Abstract

“Why do schools remain if not for meeting?” The manifesto of pedagogical relation uses this question to emphasize the human connectedness of teachers and students as the sine qua non of teaching and learning. In doing so, its authors make use of spatial metaphors of proximity in order to frame their concept of educational relationships. On the one hand, relational pedagogy seeks to overcome the “exclusion,” “isolation,” “alienation,” and “frustration” that are often experienced as a result of bureaucratized systems of education. On the other, it holds that, in all forms of education, it is the relationship, more than anything else, that is taught. But theories of pedagogical relationship need not focus solely on meetings, or connections, between teachers and students.
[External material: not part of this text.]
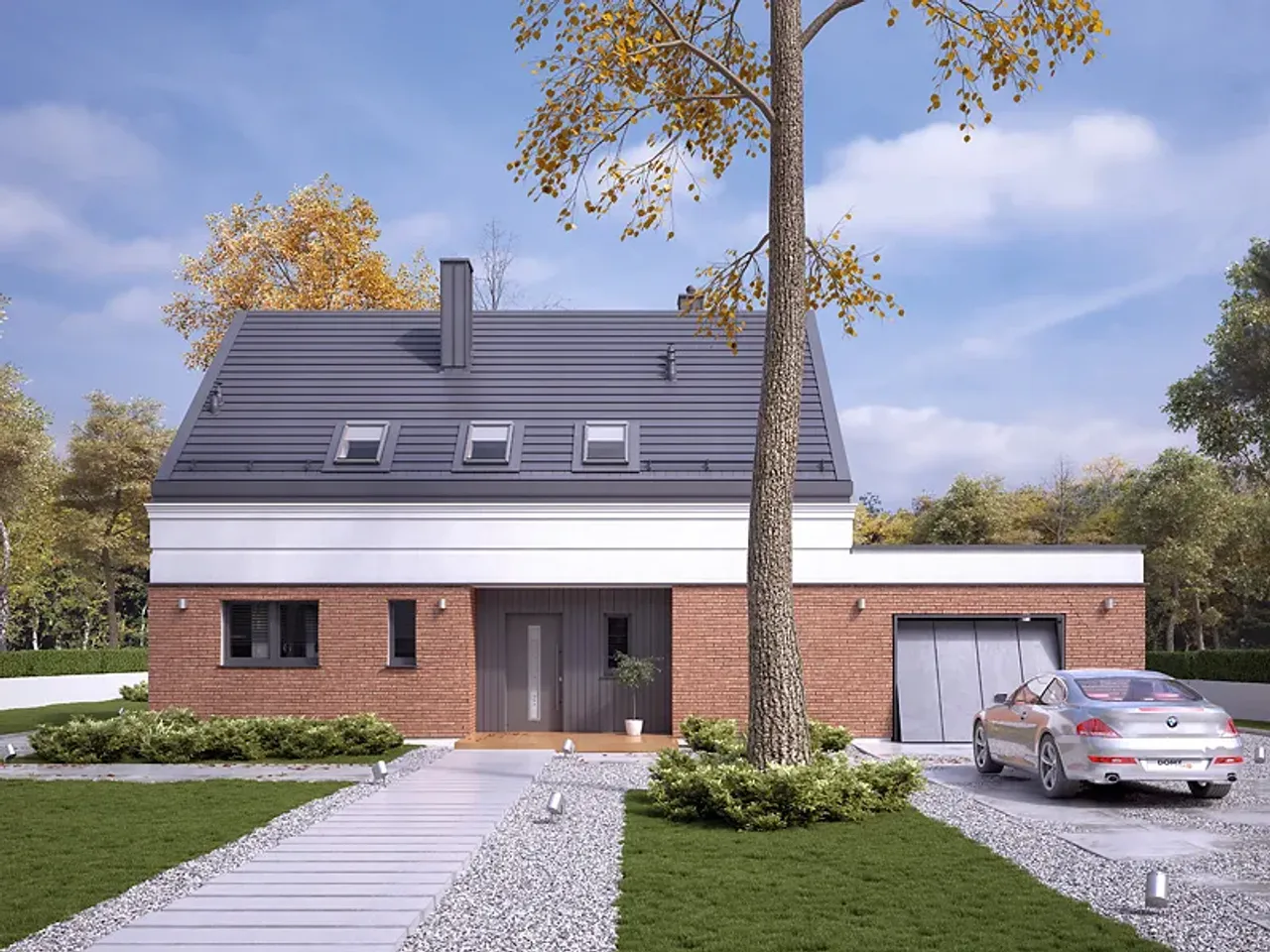 Kupując projekt w technologii murowanej powinieneś budować dom murowany. Zupełna zmiana technologii na szkieletową wymaga przeprojektowania całego budynku ( zmieniają się obciążenia, fundamenty, konstrukcja dachu). Wydamy zgodę na takie przeprojektowanie jednak wiążę się to z dużymi kosztami. Istnieją firmy wykonawcze, które podejmują się zmiany technologii budowy bezpłatnie przy skorzystaniu z ich usług wykonawczych. Zdarza się, że pracownia architektoniczna przygotowuje warianty konkretnego projektu przewidując także inne technologie. Prosimy o sprawdzenie czy istnieje poszukiwana wersja projektu, w zakładce - warianty projektu.

Gert Biesta’s essay “‘Mind the Gap!’ Communication and the Educational Relation,” while principally concerned with establishing the epistemological conditions for learning in the space between teachers and students, has a significant ethical message as its consequence; namely, that a relation between two subjects is defined by distance as well as proximity. Biesta’s essay reminds us that to do away with the gap or disconnect between teachers and students would be to reduce relation to identity, where no teaching or learning can take place. The distance between teachers and students establishes the respective roles that define what they do collectively as education. In other words, being attentive to teaching and learning as a kind of relation might mean keeping our distance.